酒杯深,故人心,相逢且莫推辭飲。君若歌時我慢斟,屈原清死由他恁。醉和醒爭甚。
屈原堅持節操而死,由他死他的吧。誰醉誰醒,爭個什麼勁啊!
元的亡,亡於作為統治集團,自身文化積澱淺,又不善於取長補短,充分利用「漢家」文化之「先進」因素,整合人心,是以亡得較快。
明朝的朱元璋在此點上卻是有著清醒認識的。他這位因人生潦倒而當過和尚,也當過起義軍首領的皇帝,對孔孟之道還是略知一二的。初登基時,他向朝野一再表示,自己一定會行仁政,做個好皇帝。因為他有此種表態,當然便有各色人等向他宣揚孔孟之道的德性作用。也許正是在這種情境下,某個冒失鬼,哪壺不開提哪壺,順嘴溜出了孟子那句「民為貴,社稷次之,君為輕」的「混賬話」——對一切帝王,那話肯定是「混賬透頂」且振聾發聵的。朱皇帝當時就火了,要傳旨將孟子捉到砍了。這事正史上未提過,野史中傳得很廣,可信度不高。向來孔孟並提,凡是個漢人,誰人不知,哪個不曉?儘管在元朝被「冰凍」了98年,那也由地下的家學播在了一代代漢子孫心裡呀。
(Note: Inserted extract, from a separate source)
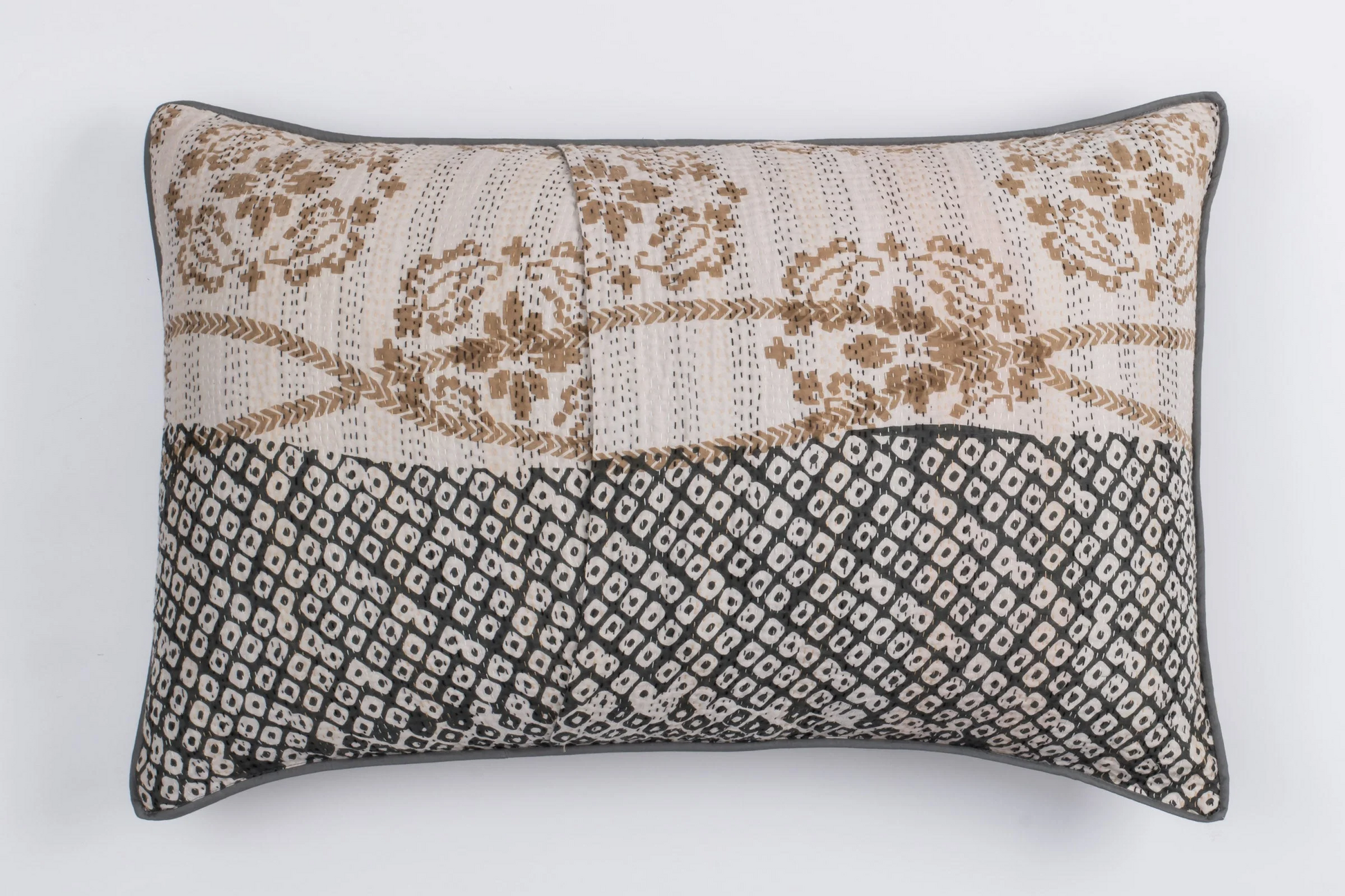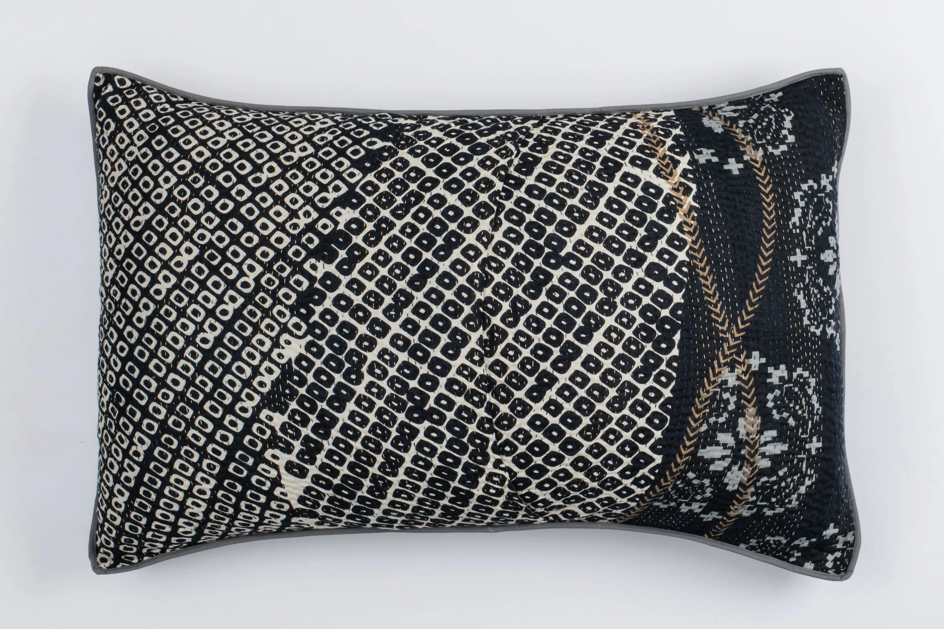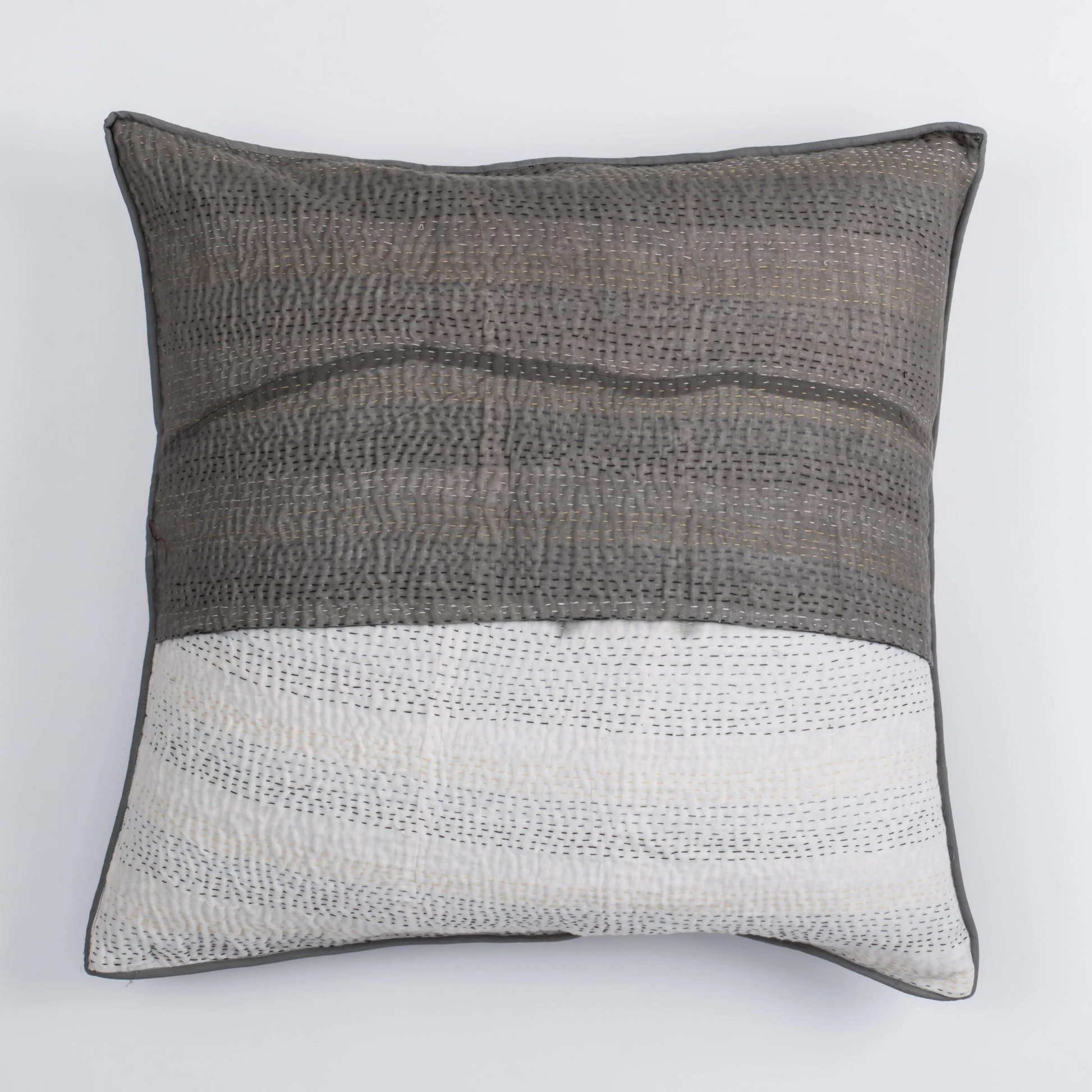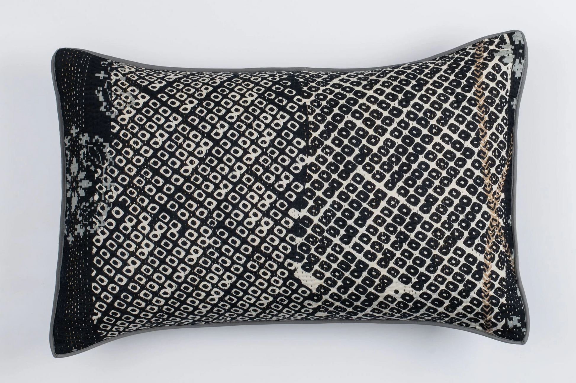 Kimono Cotton Kantha Pillow Sham -Gray -

雖不可信,但自明始,孔孟之道變成了孔子一人之道,這卻是真的。結果「亞聖」被剝奪了「聖」名,連其塑在文廟中的像,也遭搗毀,當垃圾清出了文廟之門。
政治本不是誰都「玩」得的國之頂層大事,偏偏孟子尤愛議政。這一點上他就是不如孔子明白。人家孔子除了「克己復禮」,關於政治很少發議論。最有冒犯意味的話,不過就是「苛政猛於虎」。帝王皇上可當諍言來聽,沒有顛覆性。
朱皇帝之登基接近「順承天意」,推翻元朝符合最廣大漢人的心思——元的晚期,人口已近九千萬,而土地越來越集中在達官顯貴及地主階級名下,實際上絕大多數農民幾乎都變成了佃戶。而且,元代加強了對最底層人的戶籍管理,被劃入另冊將世代為奴作婢的人口尤多。他們除了造反,再無別種改變命運的可能。天災戰禍,亦使流離失所背井離鄉的遊民人口大增。元晚期的腐敗加速了它的滅亡,可謂支撐乏術。
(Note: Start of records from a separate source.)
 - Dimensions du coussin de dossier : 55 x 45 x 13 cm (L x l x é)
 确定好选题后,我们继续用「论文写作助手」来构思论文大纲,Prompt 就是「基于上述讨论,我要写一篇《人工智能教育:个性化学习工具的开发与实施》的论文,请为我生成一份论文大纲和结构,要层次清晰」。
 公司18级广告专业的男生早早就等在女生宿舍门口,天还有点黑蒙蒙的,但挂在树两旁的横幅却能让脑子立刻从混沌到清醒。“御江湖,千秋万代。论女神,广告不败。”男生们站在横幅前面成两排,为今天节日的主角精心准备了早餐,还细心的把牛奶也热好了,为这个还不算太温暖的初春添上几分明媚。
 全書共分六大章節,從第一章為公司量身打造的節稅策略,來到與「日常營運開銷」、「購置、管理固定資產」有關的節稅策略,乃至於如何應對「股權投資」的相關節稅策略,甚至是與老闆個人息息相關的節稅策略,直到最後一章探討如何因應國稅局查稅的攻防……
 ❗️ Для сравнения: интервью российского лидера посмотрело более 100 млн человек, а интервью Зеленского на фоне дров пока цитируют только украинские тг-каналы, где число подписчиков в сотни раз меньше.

朱皇帝在文化上獨樹孔子之後,不久恢復了科舉。這給元時「十儒九丐」的潦倒文人士子們打了一針強心劑,使他們的人生又有了希望,又有了奔頭,都以亢奮之心躋身於科舉「管道」,於是傳授入仕經學的書院書館及塾學堂,如雨後春筍。
實際上,元時以私人學名開館授業的現象更司空見慣,最多時達四萬幾千處,而明中期才一萬幾千處。這是因為,元朝廷與軍隊逃離中土之際,不但帶走了蒙古人,也卷挾走了不少漢人——至明中期,在籍人口方達到六千餘萬。而明的院、館、塾,與元有本質不同。後者所教授,在廢了科舉的情況下,只能以藝技為主業,即謀生手段,如現在的「文藝培訓班」;而前者,則又重新祭起了「修齊治平」的經世之道的旌幡。
唐詩、宋詞、元曲的水平已各處巔峰,明的文人士子們皆知無望達及,於是他們之「文以載道」的能動性,逐漸轉向了縱論時政方面。可以這樣認為——明之文人士子,比起前人,是最「關心國家大事」的。這又因為,元是中國歷史上異族統治漢人的朝代,以往一向是以漢人為中心的。所以明之滅元,意味著歷史回到了「正軌」,是對整個漢人的拯救。此時的朱皇帝功莫大焉,怎麼重新將國體設計完美了——許多文人士子都希望能在這機遇與挑戰並存的歷史關頭,貢獻繼往開來的思想。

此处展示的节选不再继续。